Nature of the quantum critical point as
disclosed by extraordinary behavior of magnetotransport and the
Lorentz number in the heavy-fermion metal YbRh$_2$Si$_2$
Abstract:
Physicists are engaged in vigorous debate on
the nature of the quantum critical points (QCP) governing the
low-temperature properties of heavy-fermion (HF) metals.

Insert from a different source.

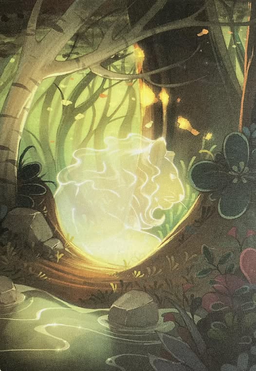 На карте изображен светящийся лев, уходящий или улетучивающийся в глубину леса. Он повернулся направо в знак прощания, его немного печальный взгляд уходит в пол. Голые ветки деревьев склоняются в направлении движения льва и возможно ветра. На первом плане виден небольшой водоем, в котором лежит камень и отражается свет уходящего льва. Вокруг водоема цветут цветы, зелень, напитанная водой, начинает покрывать тропинку, по которой еще совсем недавно прошел лев. Карта выполнена в золотисто-зелено-серых тонах.

Recent experimental observations of the much-studied compound
YbRh$_2$Si$_2$ in the regime of vanishing temperature
incisively probe the nature of its magnetic-field-tuned
QCP. The jumps revealed both in the residual resistivity $\rho_0$
and the Hall resistivity $R_{\mathrm H}$, along with violation of the
Wiedemann–Franz law, provide vital clues to the origin of such
non-Fermi-liquid behavior. The empirical facts point unambiguously
to association of the observed QCP with a fermion-condensation phase
transition. Based on this insight, the resistivities $\rho_0$ and $R_{\mathrm H}$
are predicted to show jumps at the crossing of the QCP produced
by application of a magnetic field, with attendant violation of the
Wiedemann–Franz law. It is further demonstrated that experimentally
identifiable multiple energy scales are related to the scaling
behavior of the effective mass of the quasiparticles responsible
for the low-temperature properties of such HF metals.